INFORMATION Start Marker
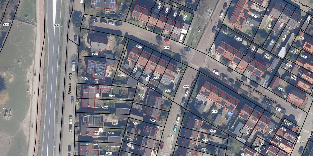 Gebruik de zoekbalk of klik op een perceel om informatie over het perceel te bekijken.
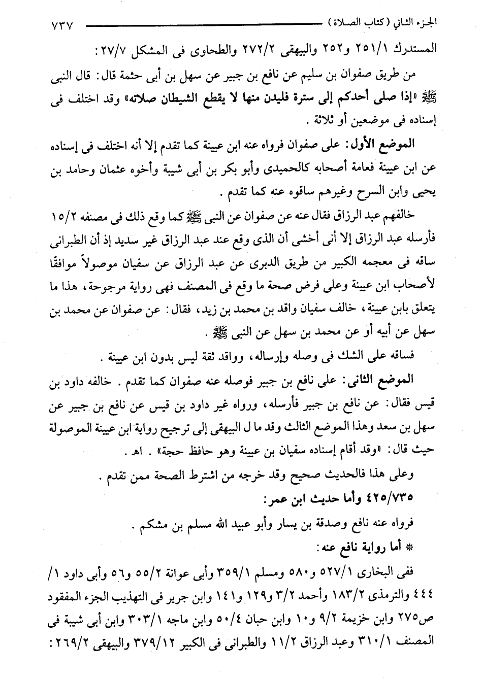 من طريق صفوان بن سليم عن نافع بن جبير عن سهل بن أبى حثمة قال: قال النبي - صلى الله عليه وسلم - "إذا صلى أحدكم إلى سترة فليدن منها لا يقطع الشيطان صلاته" وقد اختلف في إسناده في موضعين أو ثلاثة.
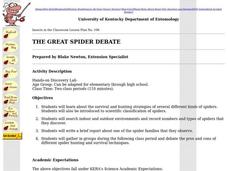 Students study about the survival and hunting strategies of several different kinds of spiders. They also be introduced to scientific classification of spiders and write a brief report about one of the spider families they observe.
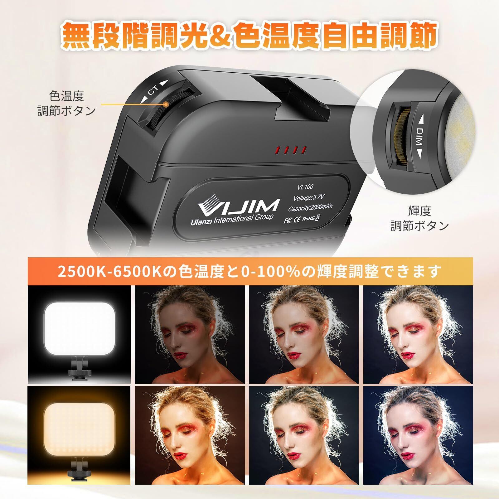 ■【多様な色温度でクリエイティブな撮影をサポート!】UlanziのLEDビデオライトは、2500Kから6500Kまでの幅広い色温度設定が可能です。これにより、シーンや必要に応じた明るさを実現し、プロフェッショナルな映像制作をサポートします!
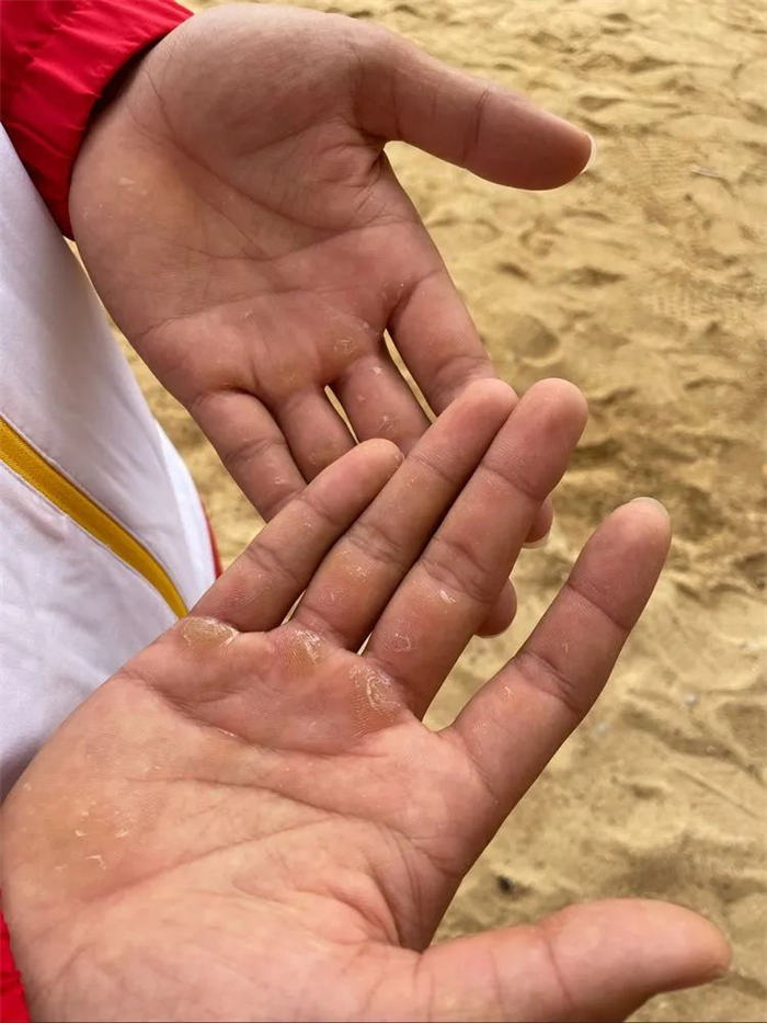 这是徐少杰长期握桨之后的手
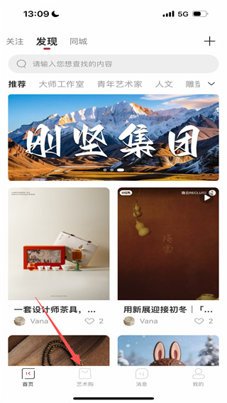 1、进入艺淘堡后,点击底部的艺术购选项,可进入艺术购页面。
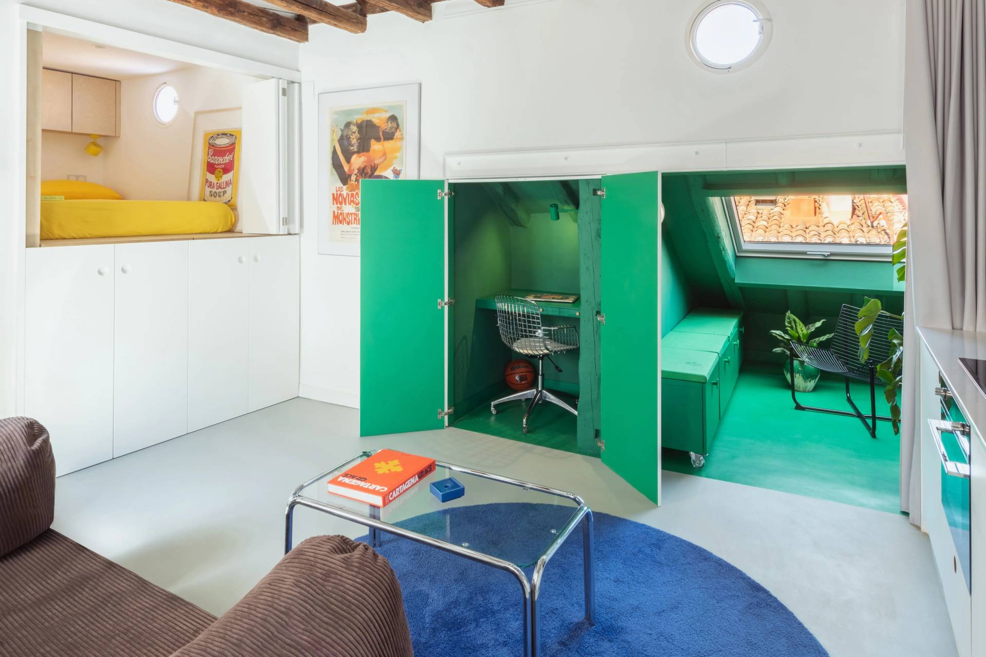 Kada se otvore, pojavljuju se snažni koloristički akcenti – kupatilo obloženo sjajnim plavim mozaikom, prostor za odlaganje ispod kreveta u intenzivnoj žutoj i tavanski deo definisan živom zelenom bojom.
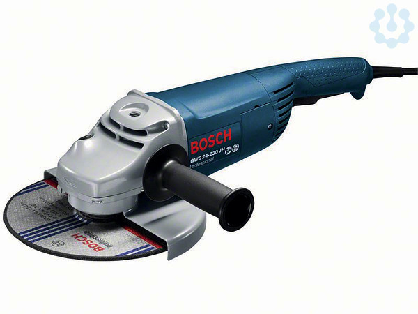 Winkelschleifer GWS 24-230 JH, Der Leistungsstarke mit geringem Gewicht, Leistungsstarker 2.400-Watt Champion-Motor für schnellen Arbeitsfortschritt, Kompakte Bauweise für gute Handhabung und Kontrolle der Maschine, Wiederanlaufschutz verhindert selbstständiges Wiederanlaufen der Maschine nach einer Stromunterbrechung, Zusatzhandgriff (1 602 025 022); Aufnahmeflansch (1 605 703 099); Spannmutter (1 603 340 040); Schutzhaube (2 605 510 298); Zweilochschlüssel (1 607 950 048)
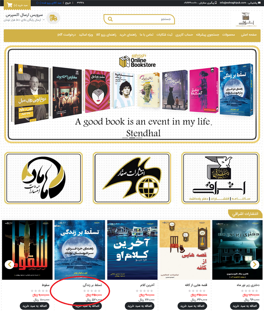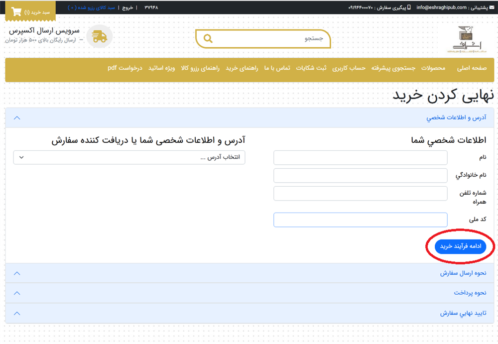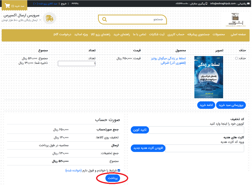 در صورت داشتن كوپن تخفيف و يا كارت هديه مي توانيد آن را اعمال نماييد. اگر قصد اضافه كردن محصول ديگري به سبد خريد را داريد گزينه ادامه خريد را انتخاب كنيد. در صورت حذف كردن كالايي گزينه حذف را تيك بزنيد و بروز رساني را كليك نماييد. بعد از ايجاد تغييرات لازمه و قبول شرايط ومقررات فروشگاه انتشارات اشراقي پرداخت را بزنيد.
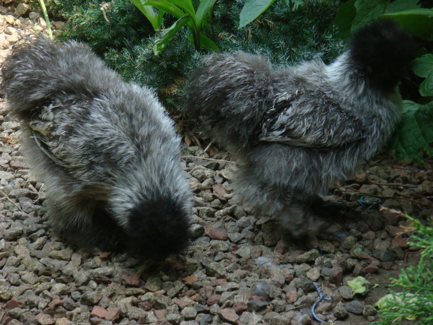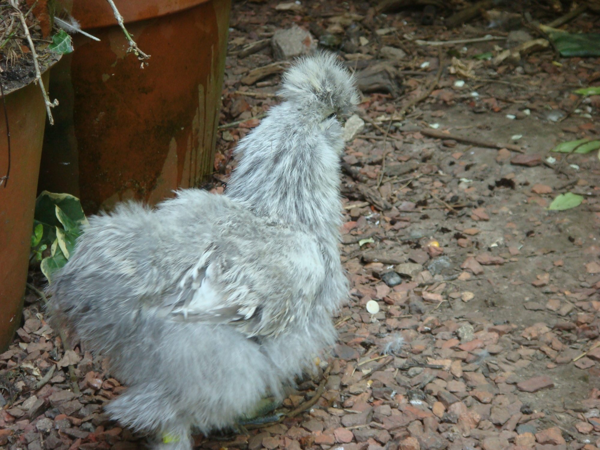 Young hen +- 2 1/2 months old Blue Silver Columbian morehead (comes close to Splash Silver Partridge in phenotype).
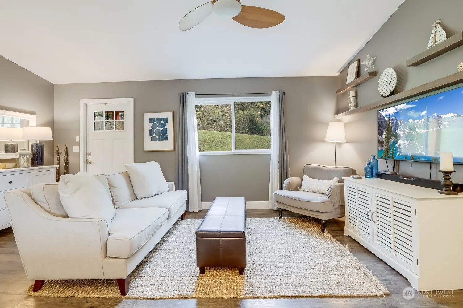 Find delight inside including a functional & open layout w/LVP flooring, vaulted ceilings, A/C & more. Spacious living room open to the kitchen includes all appliances, lots of cupboard & counter space & island with breakfast bar. The adjacent dining area offers slider access to the all season covered patio & large fenced yard with mature landscaping. The spacious primary bedroom has closet & attached bath. 2 car garage, ½+ acre lot. Near parks, beaches, shopping and commuting options. Tour today!
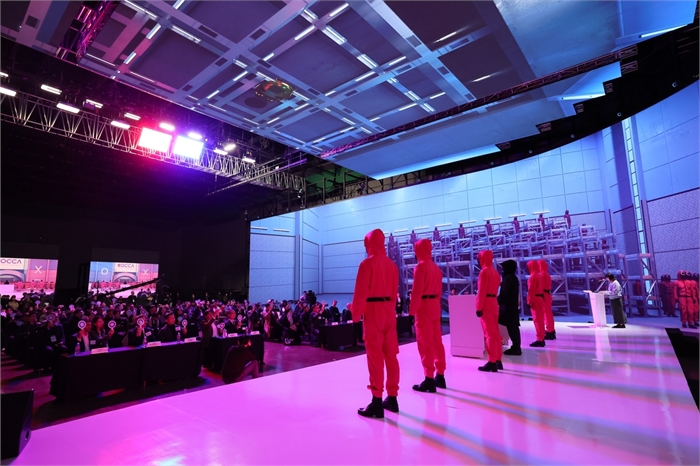 넷플릭스 드라마 '오징어게임' 속 캐릭터인 '프론트맨'으로 분장해 무대에 오른 유현석 한국콘텐츠진흥원장 직무대행의 축사도 인상적이었다. 가상으로 구현된 '오징어게임'의 참가자 대기실 한가운데 선 유 직무대행은 "버추얼 스튜디오 개관은 K-콘텐츠의 질적 도약을 선언하는 역사적인 순간"이라며 "국내 제작사들이 더 넓은 상상력으로, 더 빠르게, 더 효율적으로, 더 창의적인 콘텐츠 영상을 제작할 수 있게 하는 획기적인 전환점이 될 것"이라고 강조했다.
INFORMATION End Marker
An exact copy is needed of every line from the line containing "Kada se otvore, pojavljuju" to the last line of the records; pictures stay out of it.

▶ **TASK RESULT**:
 Kada se otvore, pojavljuju se snažni koloristički akcenti – kupatilo obloženo sjajnim plavim mozaikom, prostor za odlaganje ispod kreveta u intenzivnoj žutoj i tavanski deo definisan živom zelenom bojom.
 Winkelschleifer GWS 24-230 JH, Der Leistungsstarke mit geringem Gewicht, Leistungsstarker 2.400-Watt Champion-Motor für schnellen Arbeitsfortschritt, Kompakte Bauweise für gute Handhabung und Kontrolle der Maschine, Wiederanlaufschutz verhindert selbstständiges Wiederanlaufen der Maschine nach einer Stromunterbrechung, Zusatzhandgriff (1 602 025 022); Aufnahmeflansch (1 605 703 099); Spannmutter (1 603 340 040); Schutzhaube (2 605 510 298); Zweilochschlüssel (1 607 950 048)
 در صورت داشتن كوپن تخفيف و يا كارت هديه مي توانيد آن را اعمال نماييد. اگر قصد اضافه كردن محصول ديگري به سبد خريد را داريد گزينه ادامه خريد را انتخاب كنيد. در صورت حذف كردن كالايي گزينه حذف را تيك بزنيد و بروز رساني را كليك نماييد. بعد از ايجاد تغييرات لازمه و قبول شرايط ومقررات فروشگاه انتشارات اشراقي پرداخت را بزنيد.
 Young hen +- 2 1/2 months old Blue Silver Columbian morehead (comes close to Splash Silver Partridge in phenotype).
 Find delight inside including a functional & open layout w/LVP flooring, vaulted ceilings, A/C & more. Spacious living room open to the kitchen includes all appliances, lots of cupboard & counter space & island with breakfast bar. The adjacent dining area offers slider access to the all season covered patio & large fenced yard with mature landscaping. The spacious primary bedroom has closet & attached bath. 2 car garage, ½+ acre lot. Near parks, beaches, shopping and commuting options. Tour today!
 넷플릭스 드라마 '오징어게임' 속 캐릭터인 '프론트맨'으로 분장해 무대에 오른 유현석 한국콘텐츠진흥원장 직무대행의 축사도 인상적이었다. 가상으로 구현된 '오징어게임'의 참가자 대기실 한가운데 선 유 직무대행은 "버추얼 스튜디오 개관은 K-콘텐츠의 질적 도약을 선언하는 역사적인 순간"이라며 "국내 제작사들이 더 넓은 상상력으로, 더 빠르게, 더 효율적으로, 더 창의적인 콘텐츠 영상을 제작할 수 있게 하는 획기적인 전환점이 될 것"이라고 강조했다.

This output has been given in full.